Elizabeth Ross Haynes Credit: Public Domain photo

In Davida Siwisa James’s new book “Hamilton Heights and Sugar Hill,” she takes a deep and impressive dive into two important and historic communities in Harlem. Illuminating her engaging prose is a veritable gallery of photos, none more interesting than one of Elizabeth Ross Haynes. The life and legacy of Mrs. Haynes fits quite nicely into the often unheralded that are the focus of this column. 

Haynes was born on July 13, 1883, or 1878, or 1879, (according to several accounts) in Mount Willing, Alabama, a small crossroads community in Lowndes County. Her parents were formerly enslaved but were industrious and frugal enough to save money to purchase land and begin a plantation. A good portion of their savings was set aside to pay for their daughter to attend State Normal School in Montgomery, where she was valedictorian at her graduation. 

In 1903, about the same time that W.E.B. Du Bois published his landmark book “The Souls of Black Folk,” she graduated from Fisk University where she met her future husband, George Edmund Haynes, the legendary sociologist and progenitor of the National Urban League. Both were active in campus affairs, she as the editor of the Fisk Herald. Her career in the improvement of women’s education began with her position as a special worker with the Young Women’s Christian Association. On behalf of young women striving for educational opportunities, Haynes traveled across the country lecturing and advising them on how to pursue higher goals.

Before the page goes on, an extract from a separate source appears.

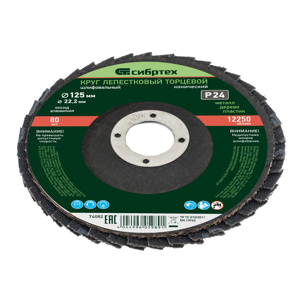 Круг лепестковый торцевой конический Сибртех 74082 с крупнозернистым абразивом Р24, 125 х 22,2 мм, устанавливается на углошлифовальные машины с соответствующим посадочным диаметром. Он используется для грубой (черновой) обработки, торцевого и плоского шлифования древесины, металла, пластика. С помощью него можно выполнить первичную зачистку сварных швов, убрать грубые дефекты, толстый слой ржавчины и краски и т.д.

A crucial year in her life occurred in 1908 when she moved to New York City, as Francille Rusan Wilson mentioned in her introduction to Haynes’s book, “Unsung Heroes.” Haynes joined the National Board of YWCA as their organizer of student chapters at Negro colleges. “This began a quarter century of involvement with the YWCA and other interracial organizations and governmental agencies with programs designed to assist Black women workers,” Wilson wrote.  “At the time of her appointment, Elizabeth Ross was among a handful of Black women who were college-educated, social service administrators or social workers. As National Student Secretary for Colored Women, Ross set up about thirty-eight new student branches at southern colleges, dramatically increasing the number of accredited black student YWCAs to over fifty. She also tried to assist Black women who had begun their independent organizations in their efforts to become formally affiliated with the National Board.”

Haynes took a militant stance advocated by the Black women at the National Association of Black Women to pressure white women on the YWCA board into establishing more urban branches for Black women. This was the beginning of Ross Haynes’s skillful mediation.     During one of her reports to the national board of YWCA in 1909, she wrote, “To get a fair and true idea of the girls themselves, the ones in whom we are most deeply interested, it is very necessary to see them in and through their conditions and surroundings to know what they think and what they do.” In 1910, when the YWCA sent her to the biennial meeting of the National Association of Colored Women in Louisville, Kentucky to explain YWCA policies and to win greater support from Black women, Haynes encountered suspicion and criticism, Wilson noted. “Despite Ross’s presentation, the NACW passed a declaration of non-support of the National Board of the YWCA’s racial policies.”

Haynes’s master’s thesis “Two Million Negro Women at Work” was praised for decades as the “most comprehensive study of Black women in the United States,” according to James.

James’s book also recounts the Haynes couple’s marriage and the purchase of their home in Sugar Hill. They were an incomparable couple both playing pivotal roles in the welfare and progress of Black Americans. Haynes’s study and analysis of the lack of training for Black women and being forced to take jobs at lower wages was useful for her husband’s monumental work and research at the National Urban League.

Haynes’s final book “Unsung Heroes; The Black Boy of Atlanta,” in 1952, mainly chronicled the life of Richard Robert Wright, Sr. a former slave who became a college president and bank president. In Wilson’s words, the book was a fitting last work of a woman whose own life had been dedicated to the principles she celebrated in Major Wright’s: hard work, race pride, and economic self-help. “While there is ample evidence of her working and public life, surprisingly little is known about Haynes’s personal life. Very few letters to or from Elizabeth Ross Haynes have survived. Glimpses of her sunny yet strong personality and its effect on others may be found in collections of the papers of her husband, George Edmund Haynes, at Fisk and Yale Universities. Her children’s books remain of interest to the historian of juvenile fiction because they offer resilient Black heroes and heroines for Black children, and for their ability to represent a vivid, if not always factual portrait of an African-American child.”

She died in New York City on October 26, 1953.